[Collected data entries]

::::

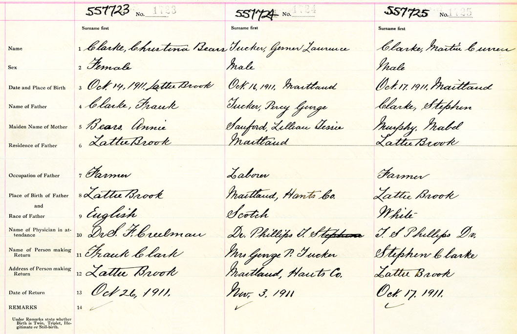 Female Birth Registration: Year: 1911 number: 55700723
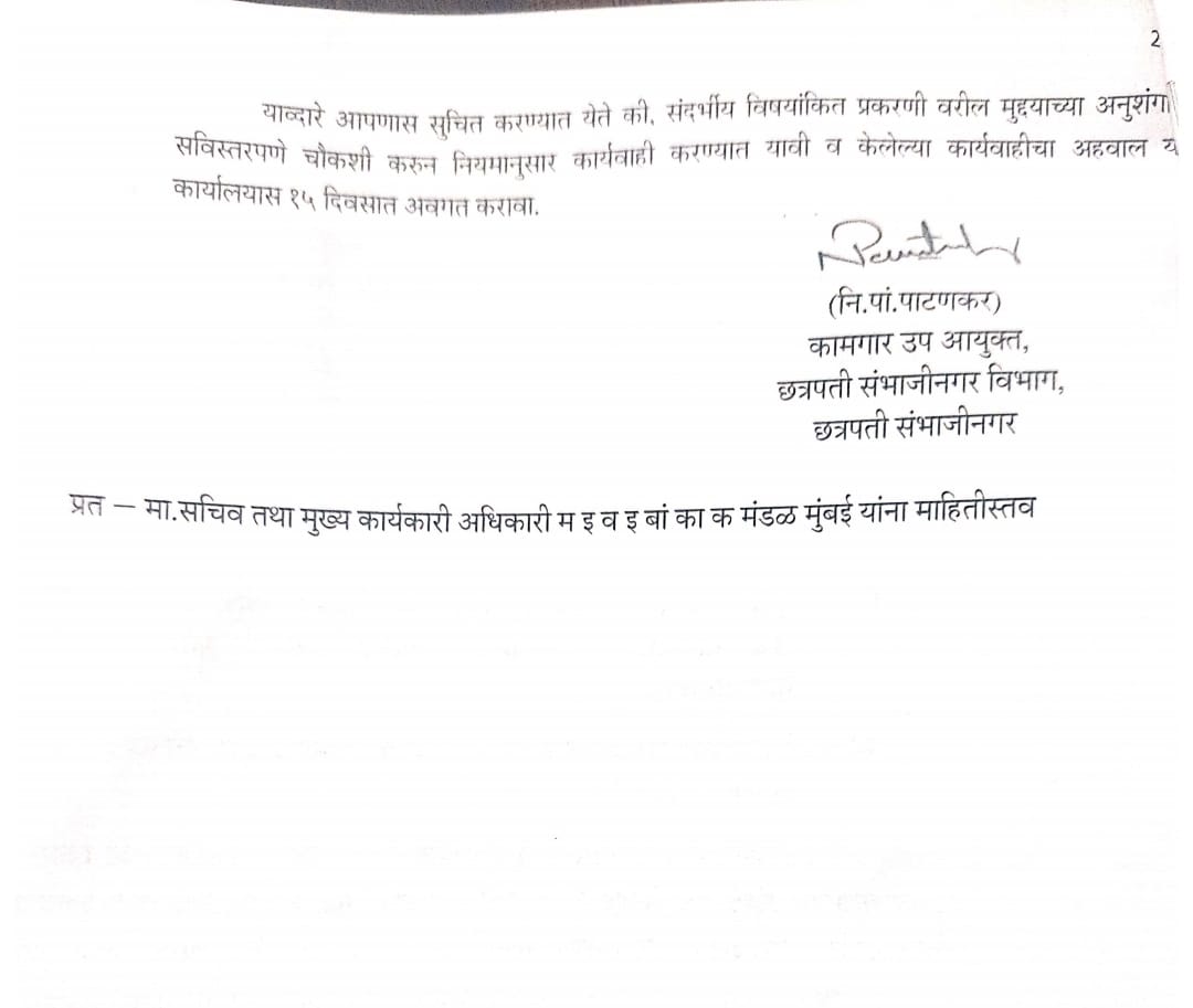 नांदेड l इमारत व इतर बांधकाम कामगार कल्याणकारी मंडळाच्या निधीतून बोगस कामगारांच्या नावावर ७९ लाख ६९ हजार रुपयांचा अपहार झाल्याचा गंभीर प्रकार उघडकीस आला आहे. या प्रकरणी संबंधित अधिकारी व कर्मचाऱ्यांवर फौजदारी गुन्हे दाखल करण्याचे आदेश छत्रपती संभाजीनगरचे कामगार उपायुक्त श्री. नि. पा. पाटणकर यांनी सहाय्यक कामगार आयुक्त, नांदेड यांना दिले आहेत.
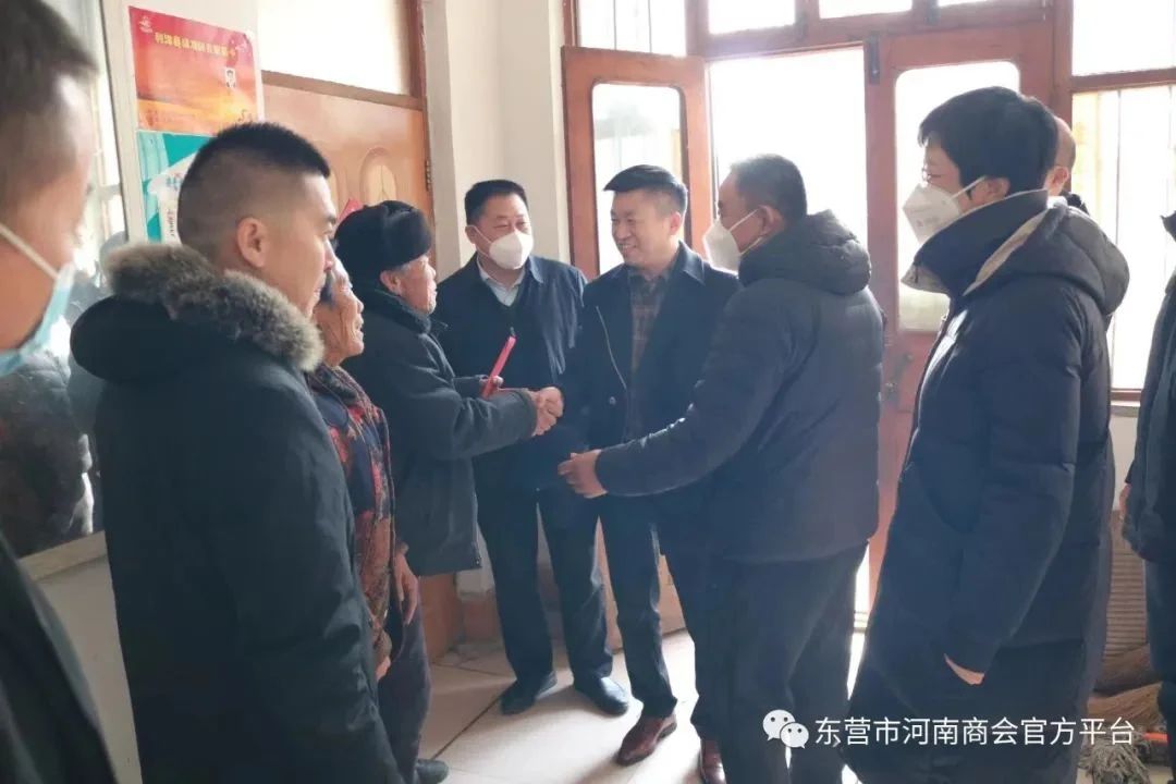 2023年1月17日,在春节来临之际,东营市河南商会到结对村—利津县北宋镇南贾家村对接帮扶工作并开展“迎新春、送温暖”慰问群众活动。为九户生活困难家庭分别送去了大米、面粉、食用油、挂面等生活用品及慰问金共计1.4万元,帮助困难群众解决冬季和春节期间生活难题。
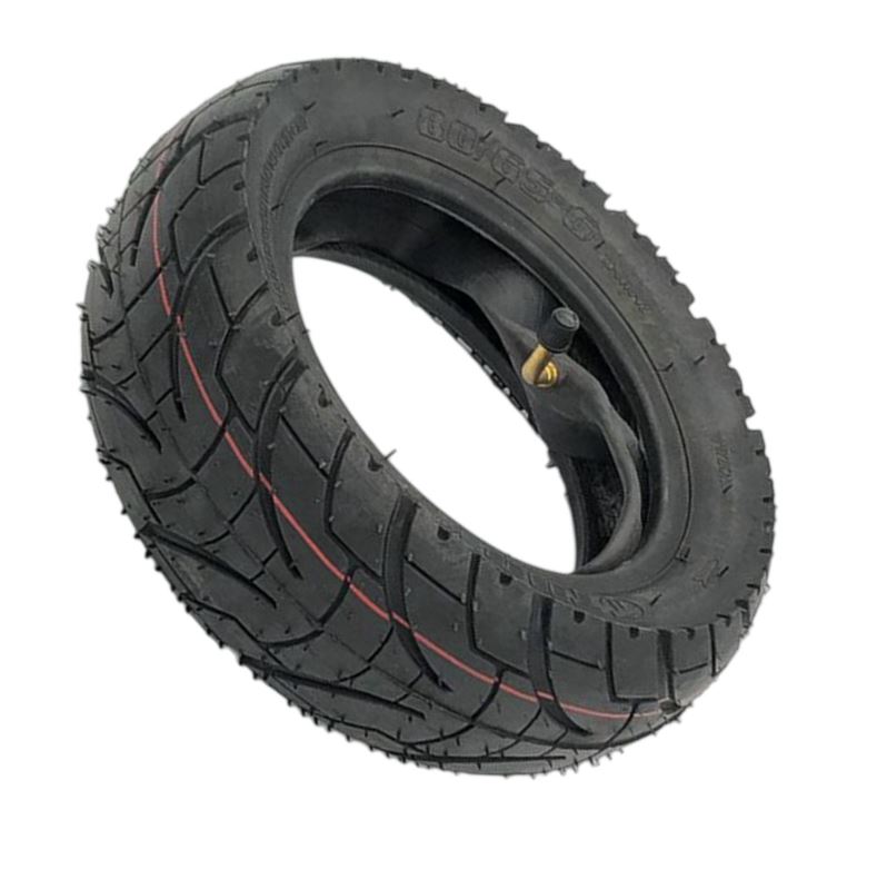 Комплект външна гума размер 80/65-6 – 10×3.0 / 255X80 и вътрешна гума с 90 градуса крив вентил заследните модели електрически скутери:
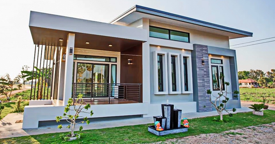 ลักษณะบ้านชั้นเดียว ดีไซน์ทรงกล่องสี่เหลี่ยม หลังคาทรงเพิงหมาแหงน มีเฉลียงขนาดพอเหมาะ ประตูบ้านเลือกใช้แบบกระจกเลื่อนได้ ส่วนหน้าต่างเลือกใช้ทรงสี่เหลี่ยมผืนผ้าที่มีทั้งแบบแนวตั้งและแนวนอน
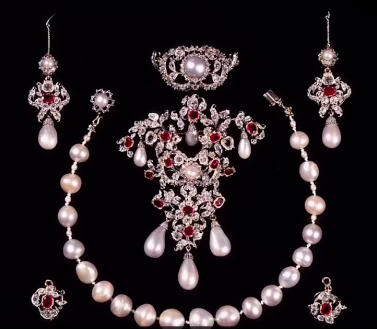ويضم عقدًا كبيرًا من اللؤلؤ وأقراطًا من اللؤلؤ والياقوت والألماس، وبروشًا كبيرًا من اللؤلؤ والياقوت والألماس يمكن تفكيكه وارتداؤه بطرق مختلفة، وكانت الملكة مارجريت ترتدي البروش الملحق بالقلادة في بعض الأحيان.
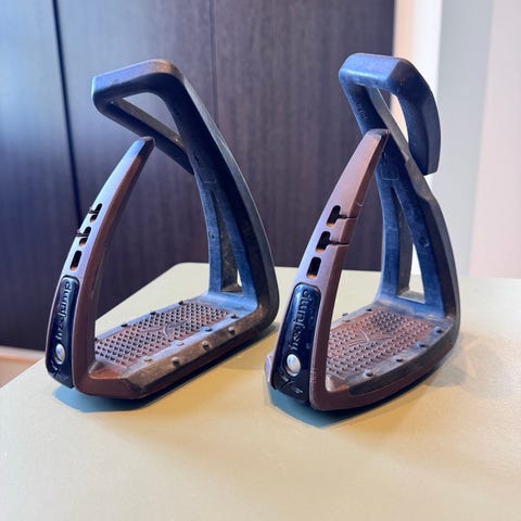 Freejump stigebøjler i sort størrelse junior, 11 cm. Passer op til størrelse 40 i sko.
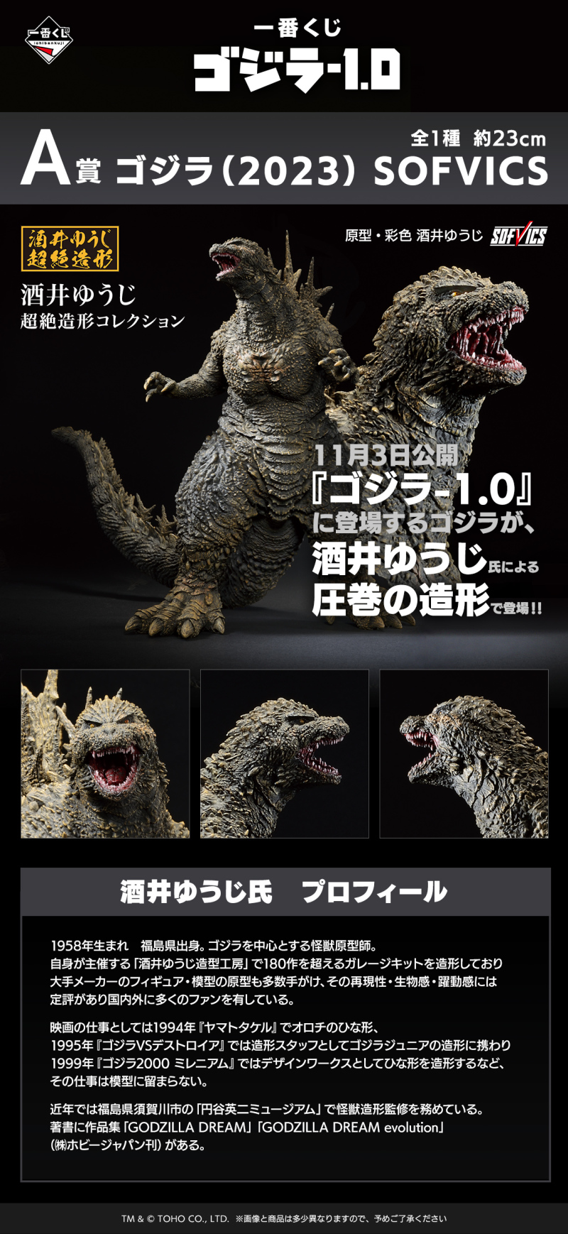 「一番賞 哥吉拉-1.0」,目前搶先公開精密造型的 A賞「SOFVICS 大軟膠 哥吉拉(2023)」,全高約 23 公分,由人氣怪獸造型作家酒井裕司(酒井 ゆうじ)擔任原型製作,粗糙皮膚、尖銳而巨大的背鰭都魄力再現!另外還有《哥吉拉-1.0》主題的盤子、馬克杯、紗布巾、壓克力立牌、電影標題 LOGO 展示牌、與怪獸頭像磁鐵等豐富賞品!最後賞更是「哥吉拉(2023) SOFVICS 熱線放射ver.」!

::::

What you need to do:
Quote each record exactly as it stands, minus the pictures.

Expected answer:
 Female Birth Registration: Year: 1911 number: 55700723
 नांदेड l इमारत व इतर बांधकाम कामगार कल्याणकारी मंडळाच्या निधीतून बोगस कामगारांच्या नावावर ७९ लाख ६९ हजार रुपयांचा अपहार झाल्याचा गंभीर प्रकार उघडकीस आला आहे. या प्रकरणी संबंधित अधिकारी व कर्मचाऱ्यांवर फौजदारी गुन्हे दाखल करण्याचे आदेश छत्रपती संभाजीनगरचे कामगार उपायुक्त श्री. नि. पा. पाटणकर यांनी सहाय्यक कामगार आयुक्त, नांदेड यांना दिले आहेत.
 2023年1月17日,在春节来临之际,东营市河南商会到结对村—利津县北宋镇南贾家村对接帮扶工作并开展“迎新春、送温暖”慰问群众活动。为九户生活困难家庭分别送去了大米、面粉、食用油、挂面等生活用品及慰问金共计1.4万元,帮助困难群众解决冬季和春节期间生活难题。
 Комплект външна гума размер 80/65-6 – 10×3.0 / 255X80 и вътрешна гума с 90 градуса крив вентил заследните модели електрически скутери:
 ลักษณะบ้านชั้นเดียว ดีไซน์ทรงกล่องสี่เหลี่ยม หลังคาทรงเพิงหมาแหงน มีเฉลียงขนาดพอเหมาะ ประตูบ้านเลือกใช้แบบกระจกเลื่อนได้ ส่วนหน้าต่างเลือกใช้ทรงสี่เหลี่ยมผืนผ้าที่มีทั้งแบบแนวตั้งและแนวนอน
ويضم عقدًا كبيرًا من اللؤلؤ وأقراطًا من اللؤلؤ والياقوت والألماس، وبروشًا كبيرًا من اللؤلؤ والياقوت والألماس يمكن تفكيكه وارتداؤه بطرق مختلفة، وكانت الملكة مارجريت ترتدي البروش الملحق بالقلادة في بعض الأحيان.
 Freejump stigebøjler i sort størrelse junior, 11 cm. Passer op til størrelse 40 i sko.
 「一番賞 哥吉拉-1.0」,目前搶先公開精密造型的 A賞「SOFVICS 大軟膠 哥吉拉(2023)」,全高約 23 公分,由人氣怪獸造型作家酒井裕司(酒井 ゆうじ)擔任原型製作,粗糙皮膚、尖銳而巨大的背鰭都魄力再現!另外還有《哥吉拉-1.0》主題的盤子、馬克杯、紗布巾、壓克力立牌、電影標題 LOGO 展示牌、與怪獸頭像磁鐵等豐富賞品!最後賞更是「哥吉拉(2023) SOFVICS 熱線放射ver.」!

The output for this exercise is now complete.